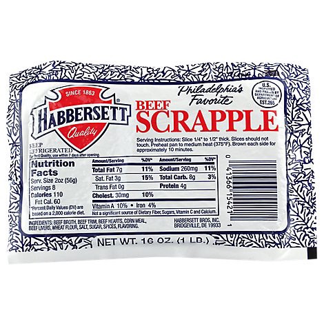 slide 1 of 1, Habbersett Beef Scrapple 16 oz, 16 oz
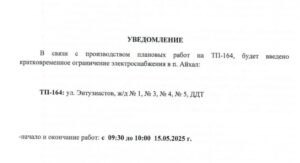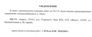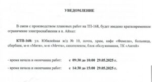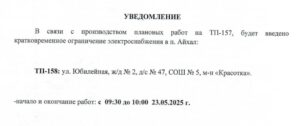 В связи с проведением плановых работ на трансформаторных подстанциях (ТП) будет временно ограничено электроснабжение на объектах:
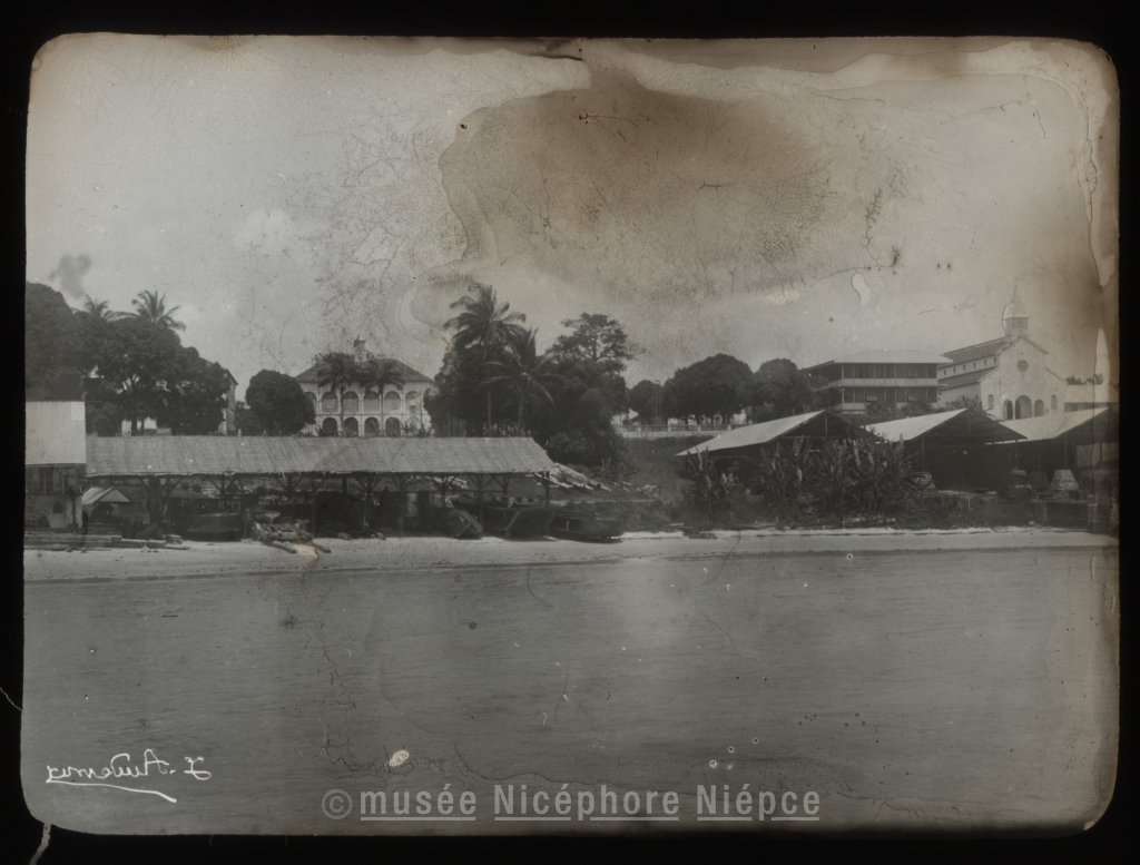 Vue de Libreville prise de la jetée. / hotel du Commissionaire Général. 1898

What the task requires:
Please reproduce verbatim the lines from the line with "В связи с проведением" through the final line of the listing, inclusive of both ends. Omit all pictures.

The answer:
 В связи с проведением плановых работ на трансформаторных подстанциях (ТП) будет временно ограничено электроснабжение на объектах:
 Vue de Libreville prise de la jetée. / hotel du Commissionaire Général. 1898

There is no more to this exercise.